# Herding GSD Breeder.



## HeidiGS (Jul 8, 2013)

I'm not currently looking for a puppy, but I was wondering if anyone has found any other reputable breeders who concentrate on herding? Their ASLs have much less angulation than most I've seen. Again, I'm not looking for a puppy.
Karma's German Shepherds - Karma Performance


----------



## gsdsar (May 21, 2002)

The woman I do herding with breeds GSD as well and trains and titles them in herding and AKC conformation. I was very impressed with her dogs. Not overly angled, great temperaments. Nice dogs. Was a bit of a shock TBH. But a nice one. 


Sent from Petguide.com Free App


----------



## HeidiGS (Jul 8, 2013)

If you don't mind me asking, who was the breeder? If they have a website please post the link.
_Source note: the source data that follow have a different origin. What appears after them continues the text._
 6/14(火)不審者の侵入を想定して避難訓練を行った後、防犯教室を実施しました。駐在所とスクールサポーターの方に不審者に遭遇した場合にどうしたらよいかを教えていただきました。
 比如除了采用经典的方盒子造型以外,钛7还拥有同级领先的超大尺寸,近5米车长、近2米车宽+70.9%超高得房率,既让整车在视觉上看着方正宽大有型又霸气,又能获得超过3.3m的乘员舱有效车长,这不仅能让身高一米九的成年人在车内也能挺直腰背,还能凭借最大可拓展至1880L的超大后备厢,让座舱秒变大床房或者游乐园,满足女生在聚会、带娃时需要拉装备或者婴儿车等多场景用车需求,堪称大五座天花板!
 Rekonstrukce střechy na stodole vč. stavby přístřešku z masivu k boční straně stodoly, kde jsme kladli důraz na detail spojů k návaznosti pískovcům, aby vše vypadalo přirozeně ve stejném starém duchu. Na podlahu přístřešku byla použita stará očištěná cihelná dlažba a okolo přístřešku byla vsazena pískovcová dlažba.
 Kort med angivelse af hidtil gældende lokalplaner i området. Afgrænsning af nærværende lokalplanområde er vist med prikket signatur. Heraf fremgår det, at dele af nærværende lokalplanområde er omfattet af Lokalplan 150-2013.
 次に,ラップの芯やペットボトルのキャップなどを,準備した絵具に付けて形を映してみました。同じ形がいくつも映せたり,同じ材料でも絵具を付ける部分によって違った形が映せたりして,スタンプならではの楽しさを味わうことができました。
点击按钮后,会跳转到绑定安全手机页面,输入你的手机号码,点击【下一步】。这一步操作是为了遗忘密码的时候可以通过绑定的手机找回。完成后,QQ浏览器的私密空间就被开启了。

You can PM me.


----------



## gsdsar (May 21, 2002)

Her website is caissonkennels.com

She does a lot with her dogs. Very impressive. Actually someone on this board recommended her to me when I was looking for herding people. 

I hope it's ok to share her website. I really have been impressed with her and her knowledge. 
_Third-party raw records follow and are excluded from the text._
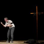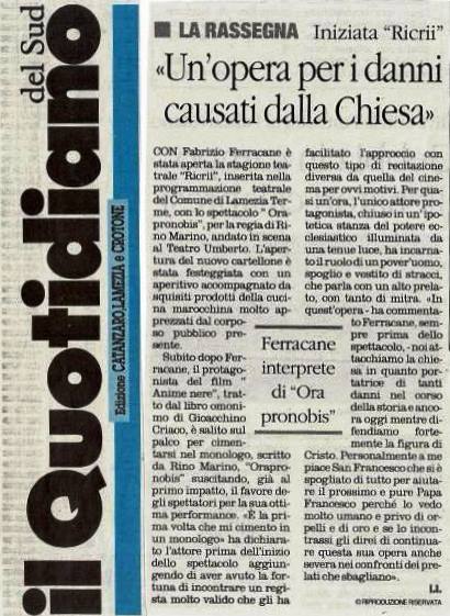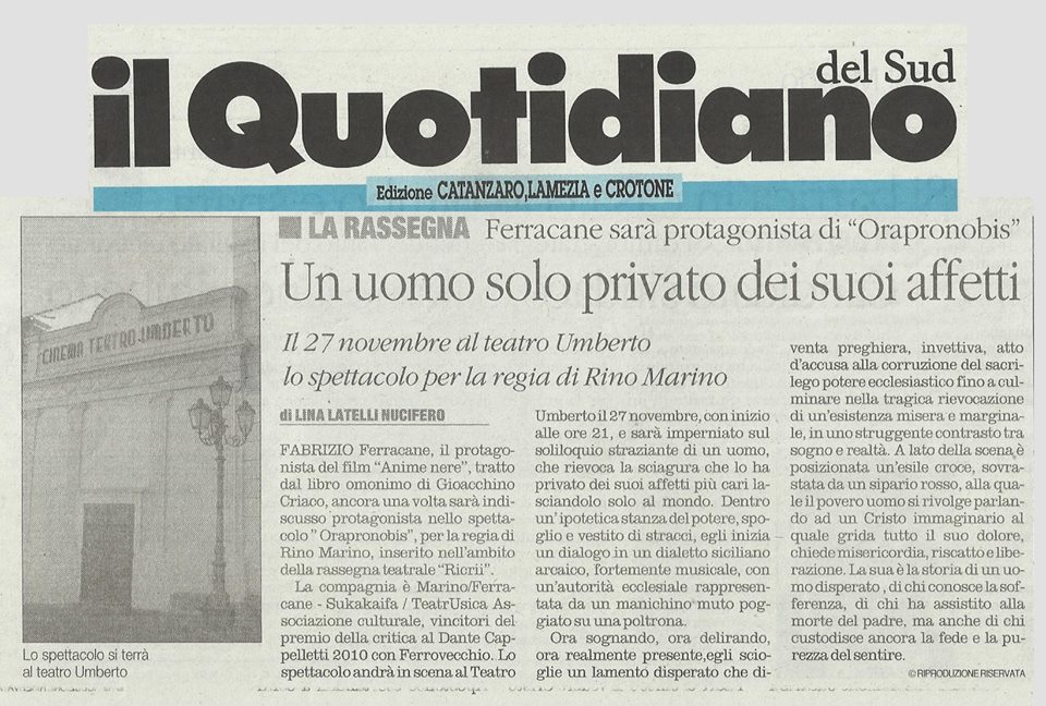 “Orapronobis è un dramma psichiatrico, è un soliloquio spacciato per dialogo con una eminenza ecclesiale (viene da pensare ad una sorta di papa nero se si guarda il manichino-sedia realizzato per lo spettacolo che da le spalle al pubblico), che vede in Ferracane un personaggio emarginato dalla società. Messo ai margini dagli altri per le condizioni psicologiche in cui versa e inevitabilmente finito anche ai margini di se stesso per “il lavoro” della sua mente. Il pover’uomo parla e parla molto e, come spesso accade sia nella vita che nel teatro, capita agli “sciocchi”, ai “fuori di testa”, di dire verità scomode. Si trova davanti all’alto prelato e pone mille domande in un siciliano arcaico, analizza la condizione umana e della chiesa. Non ottiene risposte e anche se avesse avuto davanti un altro attore piuttosto che un manichino, la sensazione è che non avrebbe comunque ascoltato una sola parola dall’interrogato. Silenzio e oscurità, sogno e realtà, miseria e marginalità, verità e bugie; sono tanti i duelli concettuali del testo di Marino e che Ferracane recita come un doloroso lamento. Snocciola un rosario di quesiti che portano il protagonista a dover fare i conti con se stesso. Solo, con l’oscurità come unica compagnia.”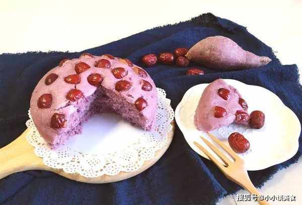 材料紫薯200克,高筋面粉450克,細砂糖60克,鹽3克,水80克,酵母3克,紅棗適量,食用油適量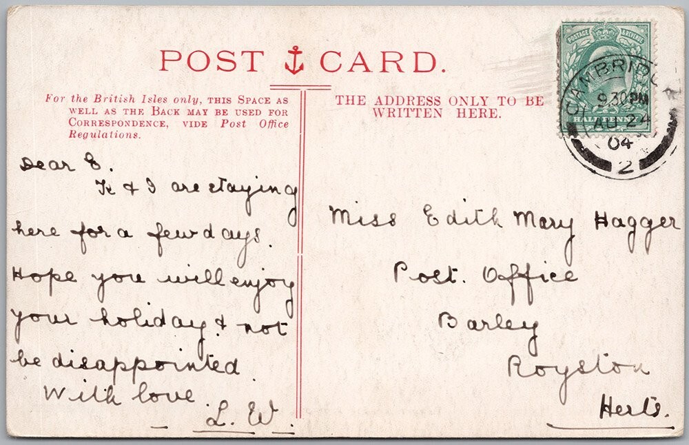 Trinity College Gateway Cambridge England Postcard 1904 Postmarked H83Please zoom into and look closely at the front and back photos to view condition and feel free to send me a message if you have any questions. Thanks kindly for viewing, D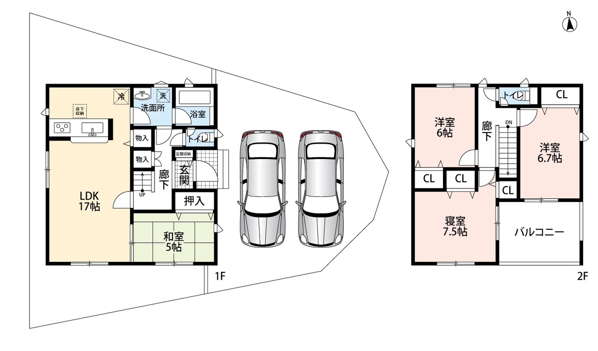 | 駐車場 | 2台 | 道路の幅員 | 南側6m・北側6.5m |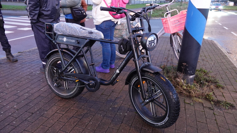 Politie en handhavers hebben het verkeersongeval afgehandeld. De fatbike leek weinig schade te hebben opgelopen. De auto heeft op zijn minst een nieuw bumperpaneel nodig, maar om thuis te komen zal duct-tape wel hebben volstaan.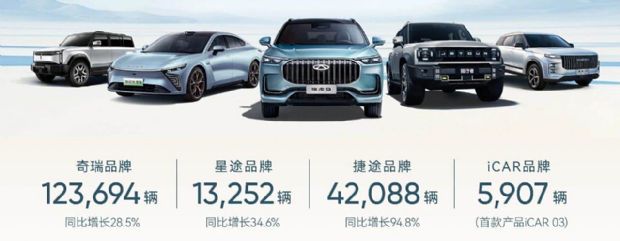 从具体品牌来看,奇瑞品牌依然是销售主力,6月份销量达到123,694辆,同比增长28.5%;今年上半年奇瑞品牌累计销量706,767辆,同比增长41.9%。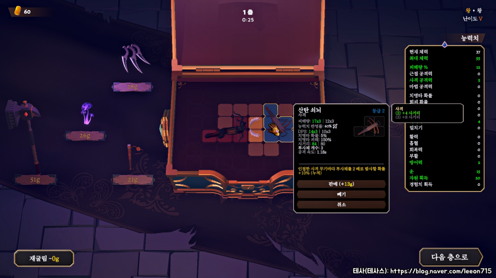 3. 어느 정도 배낭이 다 찼다 싶으면, 회피 확률/이동 속도 관련 아이템과 높은 등급의 무기가 뜰 때까지 상점 재굴림을 해줍니다.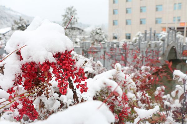 初春的第一場(chǎng)雪,把徽縣這座美麗的江南小城裝扮的更加俊俏了,然而懋達(dá)公司院內(nèi)的花花草草,把春雪的美詮釋的更加完美。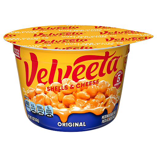 Shell yeah! Live life to the creamiest with Velveeta Shells & Cheese Original Pasta Big Cup, made with real cheese. When your drip is as smooth as ours, you don’t waste time when it comes to delicious indulgence. For instant cheesy gratification, our original recipe macaroni and cheese hits the mark, with iconic, velvety meltability and tender pasta shells that grip the drip like no other. Velveeta’s supremely creamy texture and rich, savory taste satisfy your cravings any day of the week. Looking for easy meals, kids meals or family dinners ready in minutes? Or just a quick side or snack? Our Velveeta mac and cheese shells deliver luxuriously convenient microwave meals for instant mac and cheese. Easy mac cups have everything you need to make delicious, quick meals. Amp things up by customizing our cheesy shell mac and cheese cups with added veggies, meat, toppings or seasonings. Preparing our Velveeta mac and cheese cups is a breeze. Simply combine pasta with water up to the fill line in the cup, microwave pasta for 5 minutes and stir in the cheese sauce mix. Each 5-ounce cup of mac and cheese makes one serving. Keep our easy mac on hand so you always have quick, reliable mealtime solutions for busy nights. That’s La Dolce Velveeta!

Sent from Petguide.com Free App


----------



## atravis (Sep 24, 2008)

RiverRock German Shepherds - German Shepherd Dogs and Puppies - Zoa Rockenstein - St Cloud Minnesota

Really like these guys.

Are you only interested in ASL breeders?


----------



## HeidiGS (Jul 8, 2013)

Mostly them, but other lines. I just like to find ASL breeders who work their dogs.


----------



## Xeph (Jun 19, 2005)

[email protected] is my herding instructor, so I've seen her dogs (including her Herding Victor) in person.


----------



## Andaka (Jun 29, 2003)

German Shepherd Title Holders

When you see names of dogs here that participate in herding events, you might look up some of the kennels.


----------



## wolfstraum (May 2, 2003)

Xeph - where is there herding in this area? Even though not HGH - Komet has some foundation, and I might be interested in doing a little with him along with IPO

Lee


----------



## mspiker03 (Dec 7, 2006)

You can also check out the AHBA website: AHBA

I also know (and not listed yet on any website) two friends who completed their championships with their herding dogs this year - one pup is from Tehillah Tehillah German Shepherds, Home of Canada's number 1 High in Trial German Shepherds and the other from Alta Tollhaus (both were just earned recently which is why they aren't listed yet). I also have met the other person who put their CH on their GSD in 2013 and their dog is from Adelhertz - all three are from San Diego and train where I used to! Although, I don't believe any are ASL (didn't really research the pedigrees). 

There is also one breeder that I would probably skip on those CH lists for a herding dog.


----------



## HeidiGS (Jul 8, 2013)

Xeph said:


> [email protected] is my herding instructor, so I've seen her dogs (including her Herding Victor) in person.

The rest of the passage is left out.